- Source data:
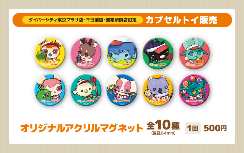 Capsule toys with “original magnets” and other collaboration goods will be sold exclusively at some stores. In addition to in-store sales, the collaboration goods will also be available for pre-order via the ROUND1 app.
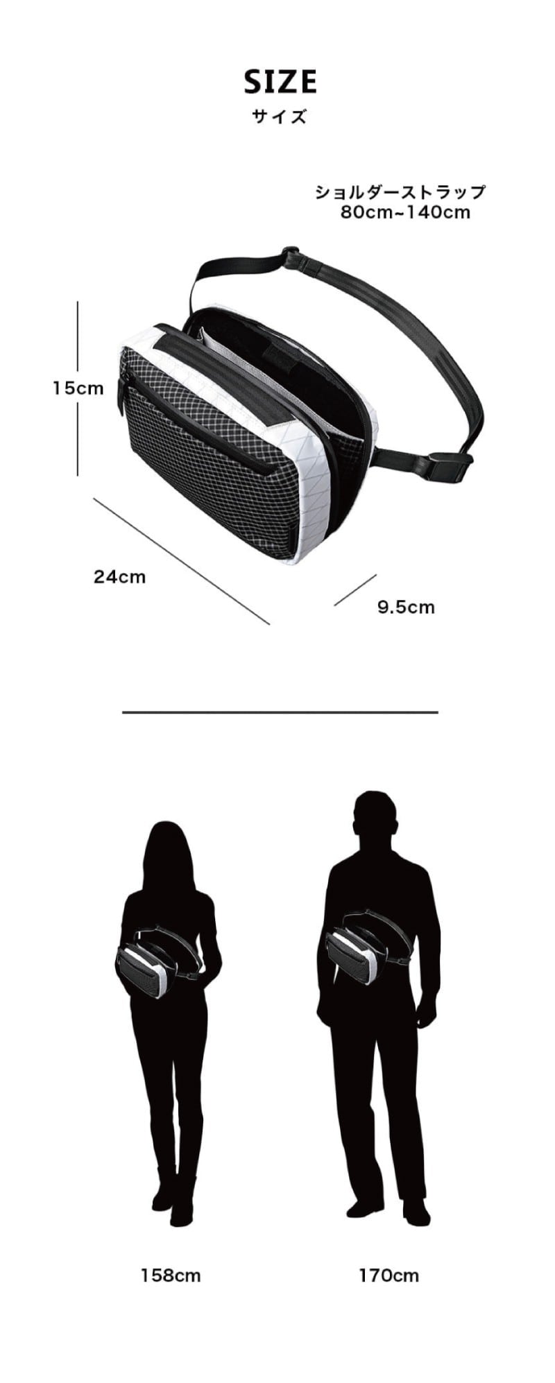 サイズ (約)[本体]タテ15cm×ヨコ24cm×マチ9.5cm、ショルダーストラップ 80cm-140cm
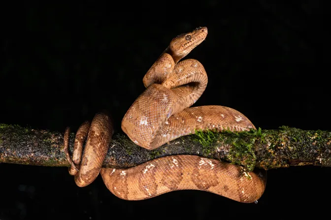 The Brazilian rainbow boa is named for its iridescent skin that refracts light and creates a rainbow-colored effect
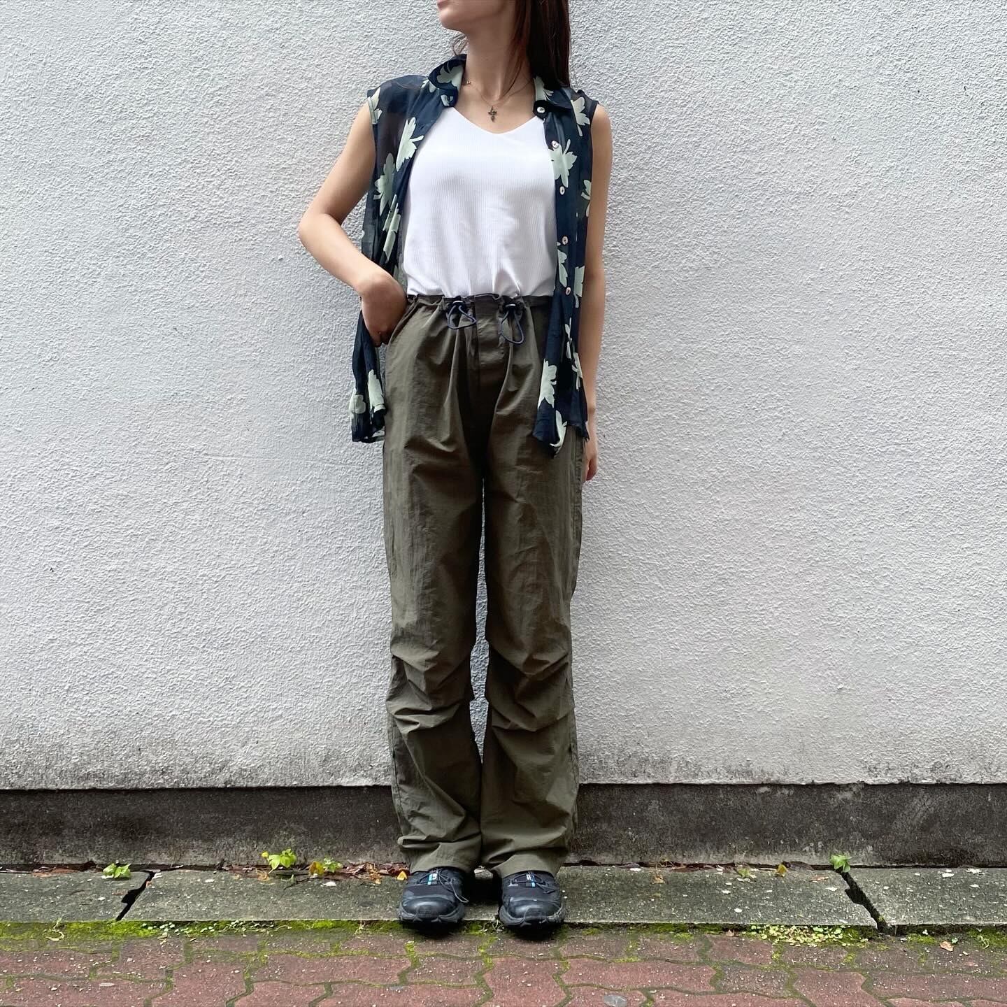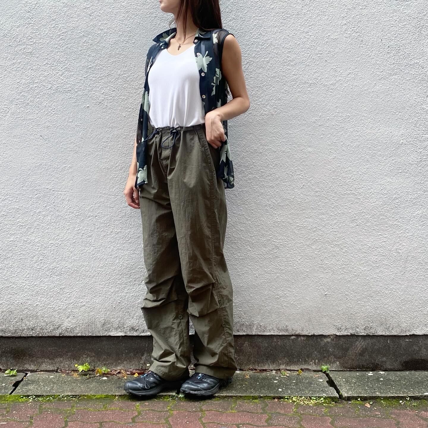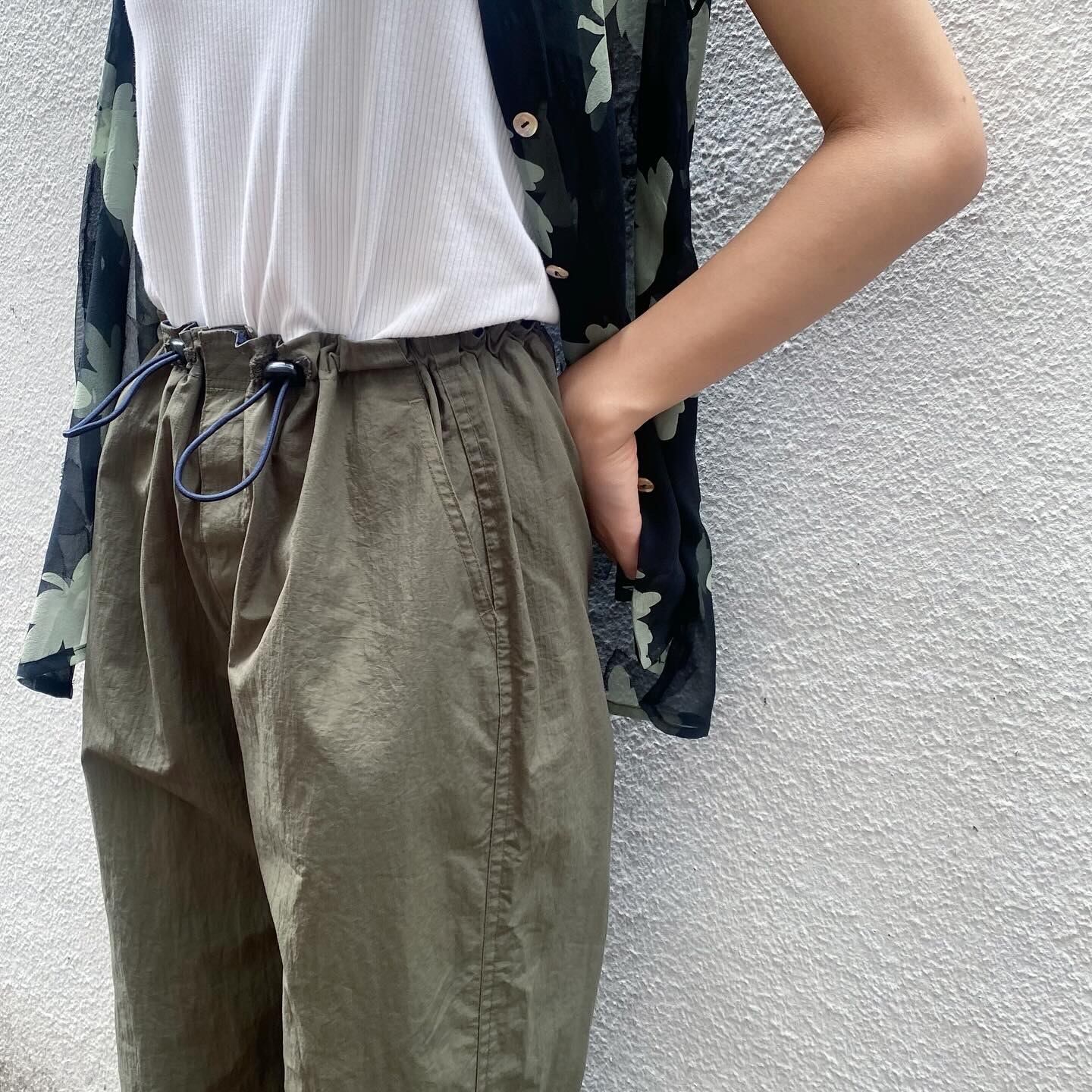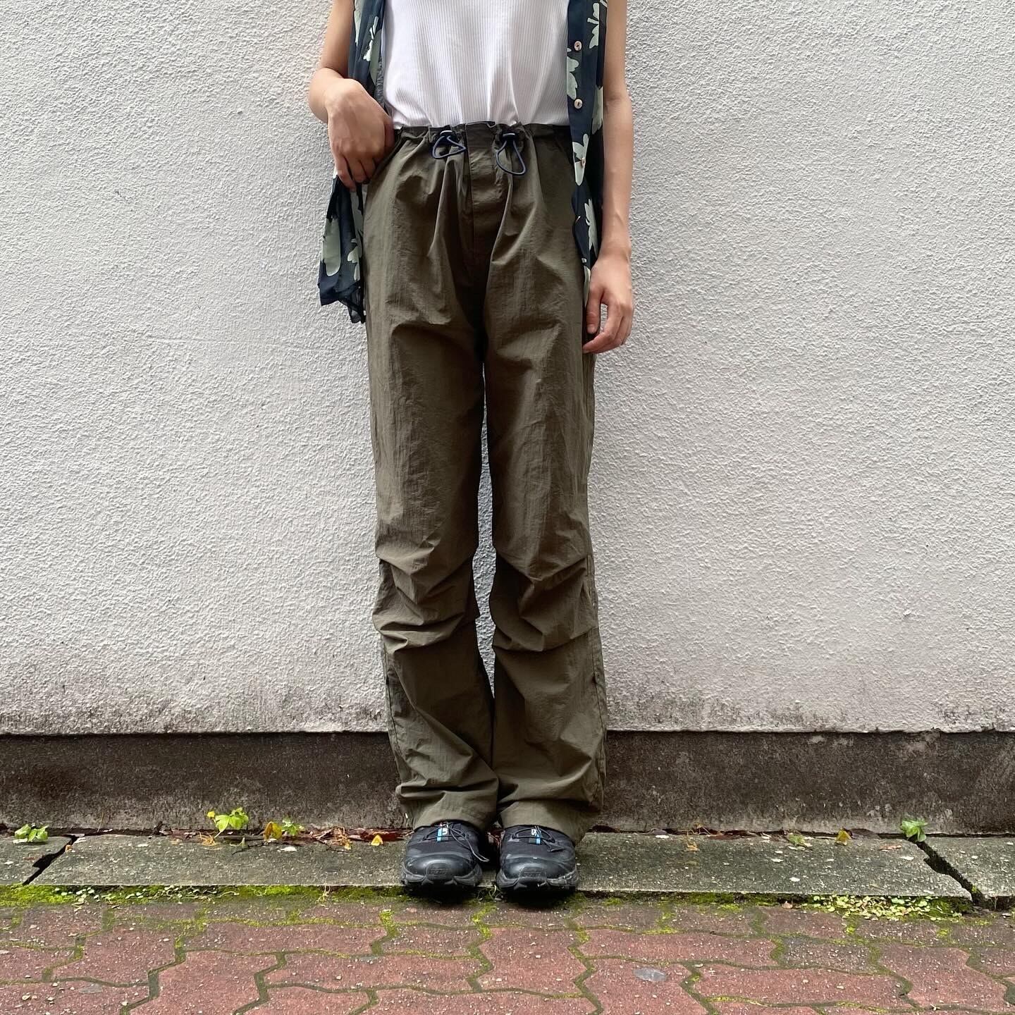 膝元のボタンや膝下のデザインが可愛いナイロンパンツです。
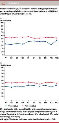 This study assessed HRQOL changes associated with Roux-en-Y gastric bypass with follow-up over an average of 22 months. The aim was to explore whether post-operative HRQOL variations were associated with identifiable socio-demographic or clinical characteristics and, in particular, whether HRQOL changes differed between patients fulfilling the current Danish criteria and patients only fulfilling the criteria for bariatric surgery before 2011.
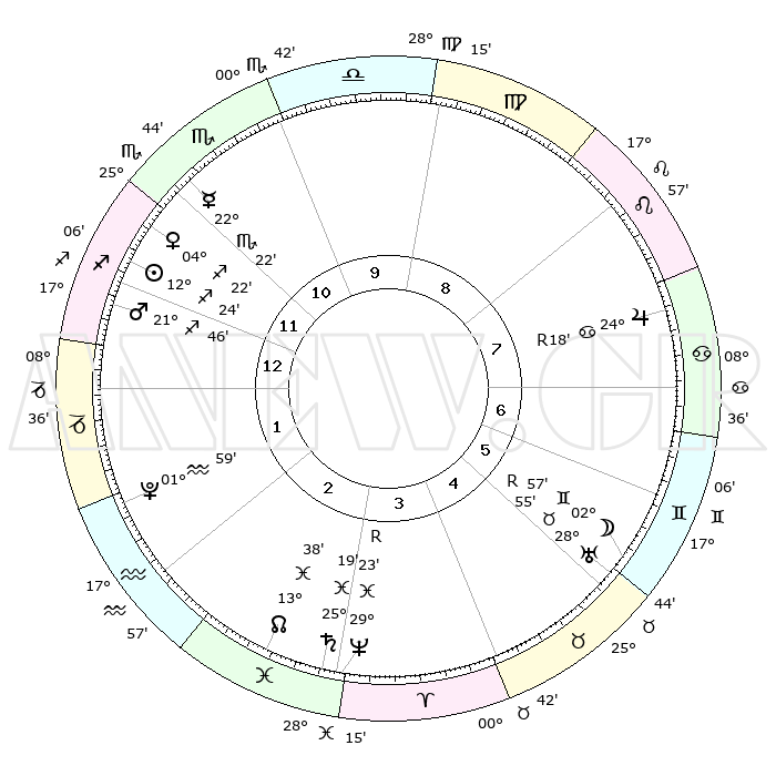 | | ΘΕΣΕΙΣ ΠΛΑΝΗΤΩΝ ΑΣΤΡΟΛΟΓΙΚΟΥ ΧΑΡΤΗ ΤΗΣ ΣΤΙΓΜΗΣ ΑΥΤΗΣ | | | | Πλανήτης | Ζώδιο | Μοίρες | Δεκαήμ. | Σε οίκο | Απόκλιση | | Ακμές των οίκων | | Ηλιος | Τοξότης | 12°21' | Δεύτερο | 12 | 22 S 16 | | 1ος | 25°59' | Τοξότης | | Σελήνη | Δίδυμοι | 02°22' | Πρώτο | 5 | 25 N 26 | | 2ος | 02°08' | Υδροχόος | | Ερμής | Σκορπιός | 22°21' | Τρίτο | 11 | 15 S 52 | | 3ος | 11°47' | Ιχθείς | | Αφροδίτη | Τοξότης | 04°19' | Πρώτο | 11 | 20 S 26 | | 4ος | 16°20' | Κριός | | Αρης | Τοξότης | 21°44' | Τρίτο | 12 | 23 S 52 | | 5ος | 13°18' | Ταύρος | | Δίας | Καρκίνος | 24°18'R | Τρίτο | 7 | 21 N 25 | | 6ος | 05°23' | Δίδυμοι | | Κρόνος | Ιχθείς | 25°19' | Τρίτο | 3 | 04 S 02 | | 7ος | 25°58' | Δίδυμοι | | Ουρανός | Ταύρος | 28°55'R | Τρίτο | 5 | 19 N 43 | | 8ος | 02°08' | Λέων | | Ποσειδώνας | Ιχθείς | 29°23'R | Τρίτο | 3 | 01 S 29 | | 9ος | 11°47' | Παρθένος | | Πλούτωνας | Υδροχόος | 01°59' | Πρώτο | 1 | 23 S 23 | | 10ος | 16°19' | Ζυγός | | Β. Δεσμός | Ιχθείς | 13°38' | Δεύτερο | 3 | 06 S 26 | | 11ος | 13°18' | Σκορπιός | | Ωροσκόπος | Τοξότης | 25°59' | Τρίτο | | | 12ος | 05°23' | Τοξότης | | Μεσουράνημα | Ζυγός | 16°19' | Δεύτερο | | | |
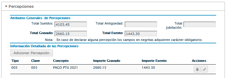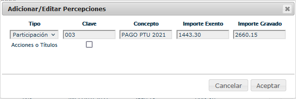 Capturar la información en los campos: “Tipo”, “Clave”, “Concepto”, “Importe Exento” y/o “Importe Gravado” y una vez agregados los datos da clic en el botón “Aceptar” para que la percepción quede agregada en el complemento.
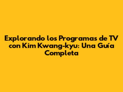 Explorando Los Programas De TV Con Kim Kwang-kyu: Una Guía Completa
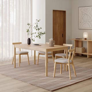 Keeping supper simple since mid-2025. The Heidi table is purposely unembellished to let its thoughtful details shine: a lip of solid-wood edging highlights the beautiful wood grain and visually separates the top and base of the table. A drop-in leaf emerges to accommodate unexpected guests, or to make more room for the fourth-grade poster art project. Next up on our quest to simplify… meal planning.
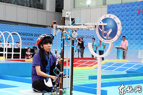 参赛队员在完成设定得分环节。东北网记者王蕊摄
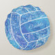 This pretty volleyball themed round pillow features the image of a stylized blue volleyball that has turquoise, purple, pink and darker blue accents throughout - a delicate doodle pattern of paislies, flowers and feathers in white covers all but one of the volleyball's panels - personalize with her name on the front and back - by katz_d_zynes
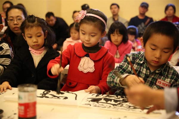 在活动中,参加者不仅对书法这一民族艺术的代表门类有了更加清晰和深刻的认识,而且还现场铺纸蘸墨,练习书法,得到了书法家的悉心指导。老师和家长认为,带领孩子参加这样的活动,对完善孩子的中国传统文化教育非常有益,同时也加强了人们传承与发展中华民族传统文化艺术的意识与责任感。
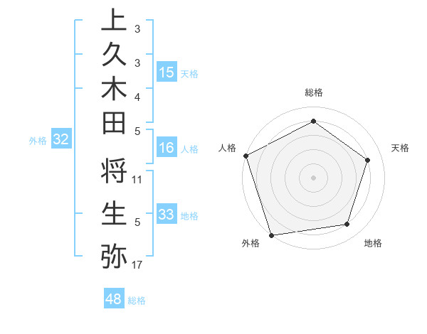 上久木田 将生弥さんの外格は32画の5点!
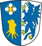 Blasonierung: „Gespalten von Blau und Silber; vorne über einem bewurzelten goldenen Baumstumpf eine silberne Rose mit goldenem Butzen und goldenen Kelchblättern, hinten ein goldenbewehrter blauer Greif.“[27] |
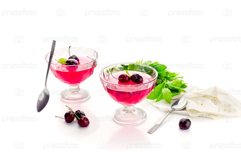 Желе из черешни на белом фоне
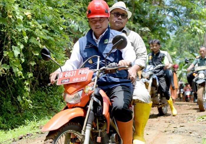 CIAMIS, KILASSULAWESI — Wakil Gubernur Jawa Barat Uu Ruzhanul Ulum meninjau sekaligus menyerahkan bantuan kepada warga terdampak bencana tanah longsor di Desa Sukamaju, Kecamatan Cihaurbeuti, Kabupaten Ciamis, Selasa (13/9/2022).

- The task: All of the entries must be reproduced exactly, with no pictures kept.

- Solved problem:
 Capsule toys with “original magnets” and other collaboration goods will be sold exclusively at some stores. In addition to in-store sales, the collaboration goods will also be available for pre-order via the ROUND1 app.
 サイズ (約)[本体]タテ15cm×ヨコ24cm×マチ9.5cm、ショルダーストラップ 80cm-140cm
 The Brazilian rainbow boa is named for its iridescent skin that refracts light and creates a rainbow-colored effect
 膝元のボタンや膝下のデザインが可愛いナイロンパンツです。
 This study assessed HRQOL changes associated with Roux-en-Y gastric bypass with follow-up over an average of 22 months. The aim was to explore whether post-operative HRQOL variations were associated with identifiable socio-demographic or clinical characteristics and, in particular, whether HRQOL changes differed between patients fulfilling the current Danish criteria and patients only fulfilling the criteria for bariatric surgery before 2011.
 | | ΘΕΣΕΙΣ ΠΛΑΝΗΤΩΝ ΑΣΤΡΟΛΟΓΙΚΟΥ ΧΑΡΤΗ ΤΗΣ ΣΤΙΓΜΗΣ ΑΥΤΗΣ | | | | Πλανήτης | Ζώδιο | Μοίρες | Δεκαήμ. | Σε οίκο | Απόκλιση | | Ακμές των οίκων | | Ηλιος | Τοξότης | 12°21' | Δεύτερο | 12 | 22 S 16 | | 1ος | 25°59' | Τοξότης | | Σελήνη | Δίδυμοι | 02°22' | Πρώτο | 5 | 25 N 26 | | 2ος | 02°08' | Υδροχόος | | Ερμής | Σκορπιός | 22°21' | Τρίτο | 11 | 15 S 52 | | 3ος | 11°47' | Ιχθείς | | Αφροδίτη | Τοξότης | 04°19' | Πρώτο | 11 | 20 S 26 | | 4ος | 16°20' | Κριός | | Αρης | Τοξότης | 21°44' | Τρίτο | 12 | 23 S 52 | | 5ος | 13°18' | Ταύρος | | Δίας | Καρκίνος | 24°18'R | Τρίτο | 7 | 21 N 25 | | 6ος | 05°23' | Δίδυμοι | | Κρόνος | Ιχθείς | 25°19' | Τρίτο | 3 | 04 S 02 | | 7ος | 25°58' | Δίδυμοι | | Ουρανός | Ταύρος | 28°55'R | Τρίτο | 5 | 19 N 43 | | 8ος | 02°08' | Λέων | | Ποσειδώνας | Ιχθείς | 29°23'R | Τρίτο | 3 | 01 S 29 | | 9ος | 11°47' | Παρθένος | | Πλούτωνας | Υδροχόος | 01°59' | Πρώτο | 1 | 23 S 23 | | 10ος | 16°19' | Ζυγός | | Β. Δεσμός | Ιχθείς | 13°38' | Δεύτερο | 3 | 06 S 26 | | 11ος | 13°18' | Σκορπιός | | Ωροσκόπος | Τοξότης | 25°59' | Τρίτο | | | 12ος | 05°23' | Τοξότης | | Μεσουράνημα | Ζυγός | 16°19' | Δεύτερο | | | |
 Capturar la información en los campos: “Tipo”, “Clave”, “Concepto”, “Importe Exento” y/o “Importe Gravado” y una vez agregados los datos da clic en el botón “Aceptar” para que la percepción quede agregada en el complemento.
 Explorando Los Programas De TV Con Kim Kwang-kyu: Una Guía Completa
 Keeping supper simple since mid-2025. The Heidi table is purposely unembellished to let its thoughtful details shine: a lip of solid-wood edging highlights the beautiful wood grain and visually separates the top and base of the table. A drop-in leaf emerges to accommodate unexpected guests, or to make more room for the fourth-grade poster art project. Next up on our quest to simplify… meal planning.
 参赛队员在完成设定得分环节。东北网记者王蕊摄
 This pretty volleyball themed round pillow features the image of a stylized blue volleyball that has turquoise, purple, pink and darker blue accents throughout - a delicate doodle pattern of paislies, flowers and feathers in white covers all but one of the volleyball's panels - personalize with her name on the front and back - by katz_d_zynes
 在活动中,参加者不仅对书法这一民族艺术的代表门类有了更加清晰和深刻的认识,而且还现场铺纸蘸墨,练习书法,得到了书法家的悉心指导。老师和家长认为,带领孩子参加这样的活动,对完善孩子的中国传统文化教育非常有益,同时也加强了人们传承与发展中华民族传统文化艺术的意识与责任感。
 上久木田 将生弥さんの外格は32画の5点!
 Blasonierung: „Gespalten von Blau und Silber; vorne über einem bewurzelten goldenen Baumstumpf eine silberne Rose mit goldenem Butzen und goldenen Kelchblättern, hinten ein goldenbewehrter blauer Greif.“[27] |
 Желе из черешни на белом фоне
 CIAMIS, KILASSULAWESI — Wakil Gubernur Jawa Barat Uu Ruzhanul Ulum meninjau sekaligus menyerahkan bantuan kepada warga terdampak bencana tanah longsor di Desa Sukamaju, Kecamatan Cihaurbeuti, Kabupaten Ciamis, Selasa (13/9/2022).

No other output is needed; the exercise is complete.